Hadoop/bin/hadoop fs-copyFromLocal words.txt/data

Then words.txt is copied to the/data folder. You can use the Web UI for verification.

Step 3: run the MapReduce task. This task is to count the word frequency, this task has been written by the ready-made jar package, in the hadoop/bin/directory, the hadoop-examples-1.2.0.jar. This file contains a lot of good MapReduce tasks.

Run the following command:

Hadoop/bin/hadoop jar hadoop/hadoop * examples. jar wordcount/data/words.txt/data/results

First, specify the jar package, then the program name wordcount, and then specify the input data/words.txt. Finally, the output directory/data/results is created.


After the execution is complete, you can view the execution result through the Web UI.

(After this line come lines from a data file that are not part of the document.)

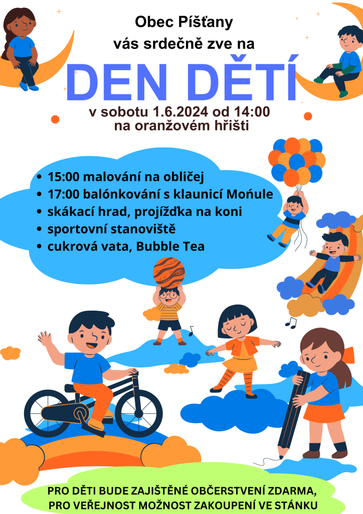 Dne 1.6.2024 od 14h se měl uskutečnit den dětí, který byl z důvodů nepřízně počasí zrušen.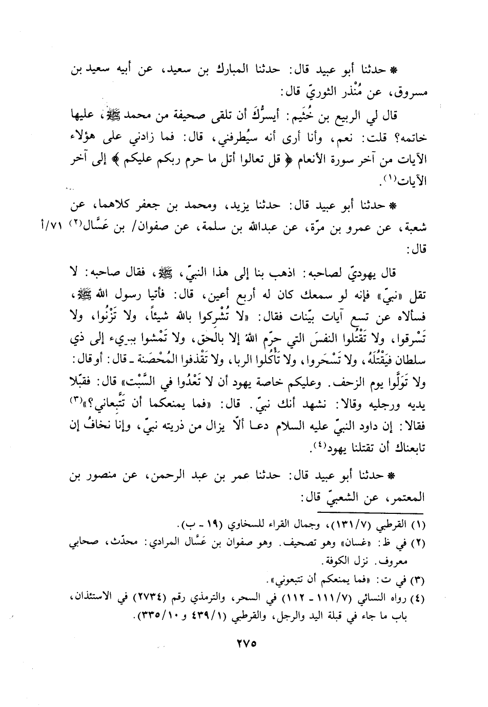 حَدَّثَنَا أَبُو عُبَيْدٍ قَالَ: حَدَّثَنَا الْمُبَارَكُ بْنُ سَعِيدٍ، عَنْ أَبِيهِ سَعِيدِ بْنِ مَسْرُوقٍ، عَنْ مُنْذِرٍ الثَّوْرِيِّ، قَالَ: قَالَ لِي الرَّبِيعُ بْنُ خُثَيْمٍ: " §أَيَسُرُّكَ أَنْ تَلْقَى صَحِيفَةً مِنْ مُحَمَّدٍ صَلَّى اللَّهُ عَلَيْهِ وَسَلَّمَ، عَلَيْهَا خَاتَمُهُ؟ قُلْتُ: نَعَمْ، وَأَنَا أَرَى أَنَّهُ سَيَطْرِفُنِي، قَالَ: فَمَا زَادَنِي عَلَى هَؤُلَاءِ الْآيَاتِ مِنْ آخِرِ سُورَةِ الْأَنْعَامِ {قُلْ تَعَالَوْا أَتْلُ مَا حَرَّمَ رَبُّكُمْ عَلَيْكُمْ} [الأنعام: 151] إِلَى آخِرِ الْآيَاتِ "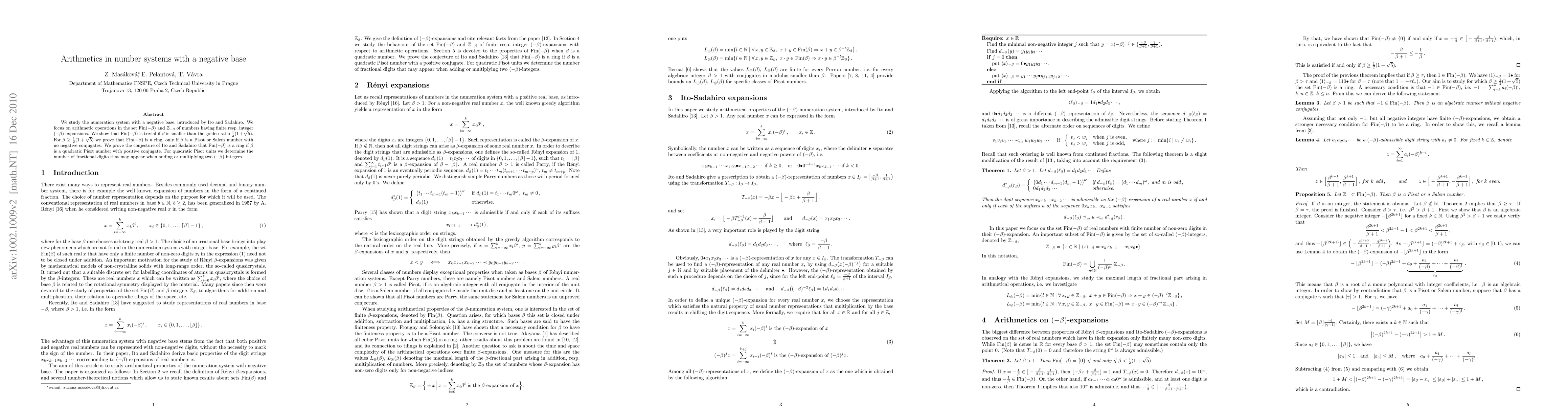 The work extends previous research on β-expansions by Ito and Sadahiro, providing a more detailed analysis of arithmetic operations in negative-base numeration systems and proving key conjectures.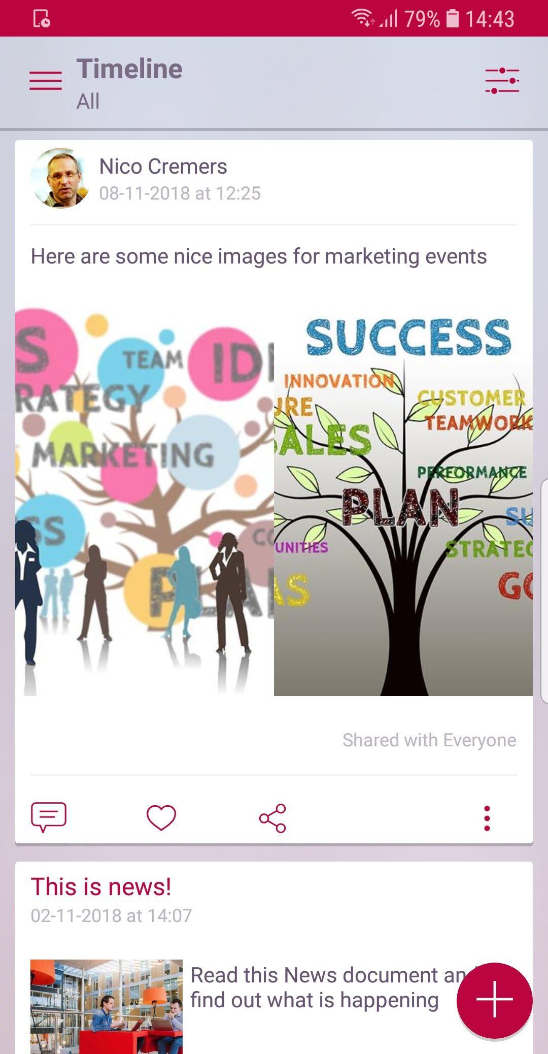 The Timeline shows you what is going on in your company. You can read all about it and share your own updates.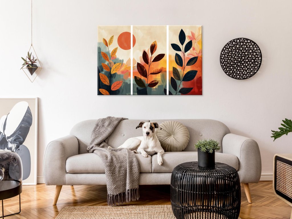 Tento obraz predstavuje tri abstraktné panely, ktoré zachytávajú krásu jesene prostredníctvom farebných listov a teplých tónov. Na každom paneli sú zobrazené rôzne farby listov, od oranžovej cez hnedú až po tmavo modrú, čo vytvára harmonický prechod farieb. Pozadie obrazu je jemné a rozmazané, čo dodáva celkovému dojmu pokoj a harmóniu.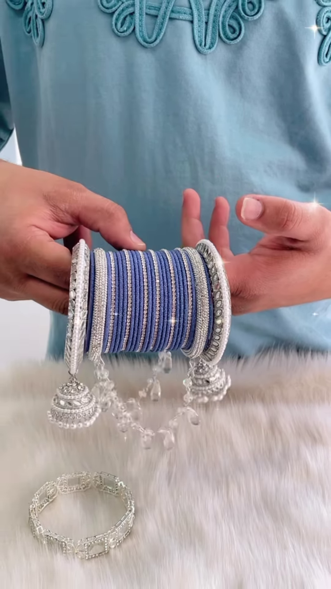 This comprehensive bangle set is specifically designed for bridal wear, engagements, pre-wedding ceremonies like sangeet and mehndi, and grand festive occasions in Ahmedabad, Gujarat, India. The combination of the deep navy blue, radiant silver, and sparkling accents makes it a versatile accessory that can be paired with a wide range of traditional Indian attire, including lehengas, sarees, and salwar suits. Wearing such a full and ornate set of bangles is not only a fashion statement but also holds cultural significance, symbolizing good fortune and celebration. This set offers a rich, layered look that is both timeless and exquisitely fashionable, ensuring the wearer stands out with grace and tradition.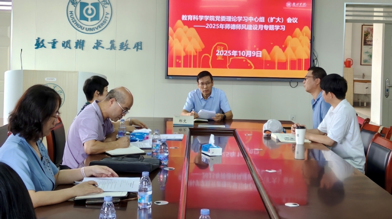 为深入学习贯彻教育家精神,切实加强教师队伍师德师风建设,引导广大教师坚定教育理想、涵养教育情怀。10月9日上午9:00,教育科学学院在621会议室召开党委理论中心组学习(扩大)会议,开展2025年师德师风建设月专题学习。会议由学院党委书记谢伟强主持,副校长郑文出席,学院全体教职工参加。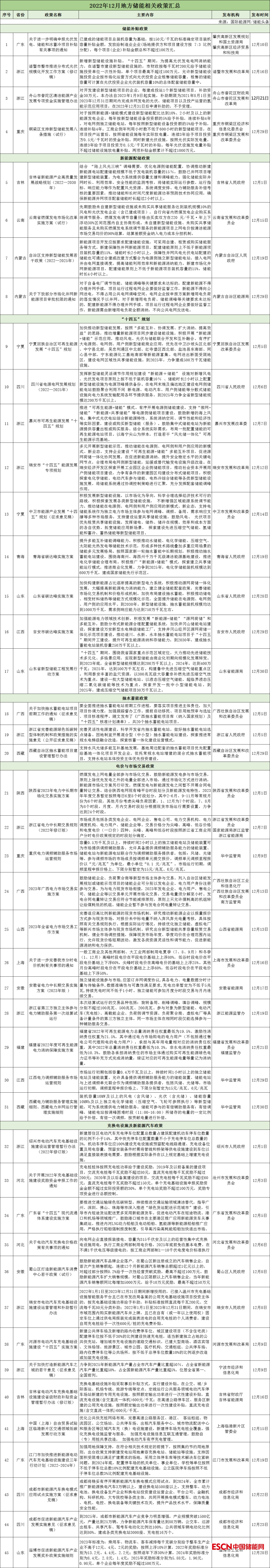 中國(guó)儲(chǔ)能網(wǎng)訊:12月份國(guó)家及地方共發(fā)布儲(chǔ)能相關(guān)政策59條!其中國(guó)家出臺(tái)政策4條,地方出臺(tái)政策55條。根據(jù)儲(chǔ)能政策的具體指向,地方政策中,儲(chǔ)能補(bǔ)貼政策4條、新能源配儲(chǔ)政策4條、抽水蓄能政策3條、儲(chǔ)能參與電力市場(chǎng)化相關(guān)政策11條、儲(chǔ)能規(guī)劃布局的政策9條、充換電及新能源汽車相關(guān)政策16條、其他相關(guān)政策8條。

I wiped it. I couldn't send too many original images, so I had to delete a few images ....

Contact Us

The content source of this page is from Internet, which doesn't represent Alibaba Cloud's opinion; products and services mentioned on that page don't have any relationship with Alibaba Cloud. If the content of the page makes you feel confusing, please write us an email, we will handle the problem within 5 days after receiving your email.

If you find any instances of plagiarism from the community, please send an email to: info-contact@alibabacloud.com and provide relevant evidence. A staff member will contact you within 5 working days.

A Free Trial That Lets You Build Big!

Start building with 50+ products and up to 12 months usage for Elastic Compute Service

  • Sales Support

    1 on 1 presale consultation

  • After-Sales Support

    24/7 Technical Support 6 Free Tickets per Quarter Faster Response

  • Alibaba Cloud offers highly flexible support services tailored to meet your exact needs.